Requirements for Science Databases and SciDB from Michael Stonebraker et al, presents the results of a requirement analysis covering the data management needs of scientific researchers in a number of different fields. Interestingly it seems that for none of the fields covered, which includes astronomy, oceanography, biologic, genomics and chemistry, is a relational structure a good fit for the underlying data models used in the data capture or analysis. In most cases an array based system is most suitable, while for biology, chemistry and genomics in particular a graph database would be best; semantic web folk take note. The paper goes on to discuss the design of SciDB which will be an open source array-based database suitable for use in a range of disciplines.
The Case for RodentStore, an Adaptive, Declarative Storage System, Cudre-Mauroux et al, introduces RodentStore an adaptive storage system that can be used at the heart of a number of different data management solutions. The system provides a declarative storage algebra that allows a logical schema to be mapped to a specific physical disk layout. This is interesting as it allows greater experimentation within the storage engine, allowing exploration of how different layouts may be used to optimise performance for specific applications and datasets. The system supports a range of different structures, including multi-dimensional data, and the authors note that the system can be used to manage RDF data.
Principles for Inconsistency, proposes some approaches for cleanly managing inconsistency in distributed applications, providing some useful additional context and implementation experience for those wrapping their heads around the notion of eventual consistency. I’m not sure that’d I’d follow all of these principles, mainly due to the implementation and/or storage overheads, but there’s a lot of good common sense here.
Harnessing the Deep Web: Present and Future, Madhavan et al, describes some recent work at Google to explore how to begin surfacing “Deep Web” information and data into search indexes. The Deep Web is defined by them as pages that are currently hidden behind search forms and that are not currently accessible to crawlers through other means. The work essentially involved discovering web forms, analysing existing pages from the same site in order to find candidate values to fill in fields in those forms, then automatically submitting the forms and indexing the results. The authors describe how this approach can be used to help answer factual queries, and is already in production on Google. This probably explains the factual answers that are appearing on search results pages. The approach is clearly in-line with Google’s mission to do as much as possible with statistical analysis of document corpora as possible, there’s very little synergy with other efforts going on elsewhere, e.g. linked data. There is reference to how understanding the semantics of forms, in particular the valid range of values for a field (e.g. a zip code) and co-dependencies between fields, could improve the results, but the authors also note that they’ve achieved a high level of accuracy in automated approaches to identifying common fields such as zip code, etc. A proposed further avenue for research is exploration of whether the contents of an underlying relational database can be reconsistuted through automated form submission and scraping of structured data from the resulting pages. Personally I think there are easier ways to achieve greater data publishing on the web!
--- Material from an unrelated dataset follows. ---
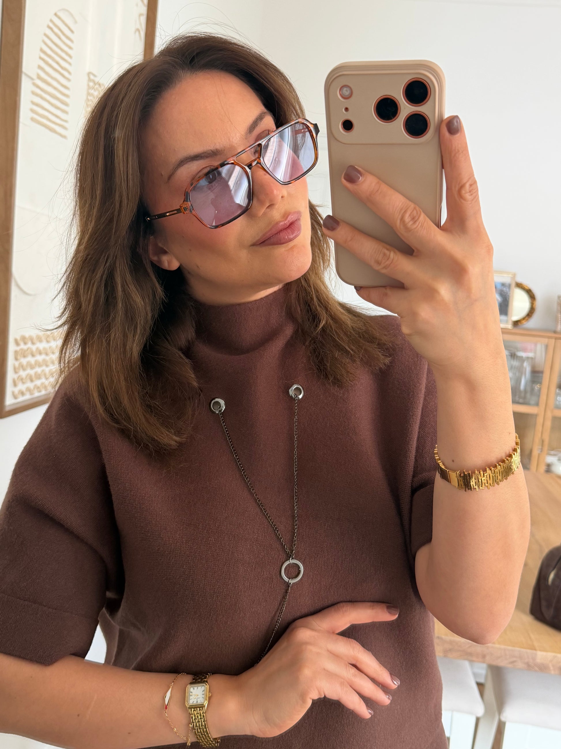 Das süße Kettendetail am Kragen verleiht dem Outfit eine elegante und feminine Note.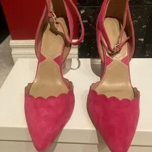 Pink Suede Dreams! | Adrienne Vittadini Fuchsia Pink Suede Shoes. Size 7. Adjustable thin ankle strap. Pointy toe, padded footbed. Stiletto heel 3.5” Gently worn.

The authors reference some work on a search engine specifically for data surfaced in this way, called Web Tables which I’ve not looked at yet.
DBMSs Should Talk Back Too, Yannis Ioannidis and Alkis Simitsis, describes some work to explore how database query results and queries themselves can be turned into human-readable text (i.e. the reverse of a typical natural-language query system), arguing that this provides a good foundation for building more accessible data access mechanisms, as well as allowing easier summarisation of what a query is going to do, in order to validate it against the users expectations. The conversion of queries to text was less interesting to me than the exploration of how to walk a logical datamodel to generate text. I’ve very briefly explored summarising data in FOAF files, in order to generate an audible report using a text-to-speech engine, and so it was interesting to me to see that the authors were using a graph based representation of the data model to drive their engine. Class and relation labelling, with textual templates, are a key part of the system, and it seems much of this would work well against RDF datasets.
SocialScope: Enabling Information Discovery on Social Content Sites, Amer-Yahia et al, is a broad paper that introduces SocialScope a logical architecture for managing, analysing and presentation information derived from social content graphs. The paper introduces a logical algebra for describing operations on the social graph, e.g. producing recommendations based on analysis of a users social network; introduces a categorisation for types of content present in the social graph and means for managing it; and also discusses some ways to present results of searches against the content graph (e.g. for travel recommendations) using different facets and explanations of how recommendations are derived.

Quakr

Quakr is a project to build a 3-dimensional world from user contributed photos, a.k.a. some friends having fun with geek hacking. I see they submitted an abstract to XTech too. The blog links to some interesting experiments mashing up Google Maps with a Flash and VRML viewer.
The Quakr 7D Tiltometer is worth viewing too if only for its sheer Blue Peter stylee “build this at home” excellence.

My First Computer

Sinclair ZX Spectrum
A scan of the promotional flier for the Sinclair ZX Spectrum that I carried round for months prior to my parents buying me a 48K Spectrum for Christmas.
Click through to the larger image to read the marketing text. Here’s some extracts:
“Professional power — personal computer price!”
“Your ZX Spectrum comes with a mains adaptor and all the necessary leads to connect to most cassette records and TVs (colour or black and white)”
“…later this year there will be Microdrives for massive amounts of extra on-line storage, plus an RS232/network interface board”
“Sound — BEEP command with variable pitch and duration”
“High speed LOAD & SAVE — 16K in 100 seconds via cassette, with VERIFY and MERGE for programs and separate data files.”
I learnt to program from those handy Spectrum BASIC manuals mentioned in the advert supplemented with weekly doses of Input Magazine; never did get the hang of assembly or machine code though. Not beyond a few peeks and pokes lifted from the ever trusty Crash magazine, covers of which (along with CV&G) still adorn some of my old school books lurking in the attic.

Yep That’s Me

A view of my del.icio.us bookmarks:
extisp.icio.us – ldodds
Pretty accurate with respect to my interests these days. The Java/Speech tag is overblown though just because I’ve not marked other Java related pages.
It’s just a damn shame I can’t make it to FOAFCamp or the FOAF Workshop. Family holidays and work deadlines have crowded out my schedule.
Link courtesy of Many-to-Many.

Comments Disabled

Comments are now disabled on this blog (by the brute force method of moving the CGI script) until I decide on a better way to handle comment spam. It’s getting to be a real pain in the arse.

Lazy Photo Annotation

I was taken to task by my mother over Xmas. She’d been browsing my website during her lunch hour and had neglected to find any new photos, and precious few of her latest grandchild.
After setting aside thoughts that I’d slipped into an issue of The Onion I realised she was right, and that those dozens and dozens of images I’ve taken with my spangly new digital camera really ought to be published somewhere.
But I don’t want to do it half-heartedly, I want to publish as much metadata as possible along with the images themselves. There’s lots of fun to be had with co-depiction and rdf annotation.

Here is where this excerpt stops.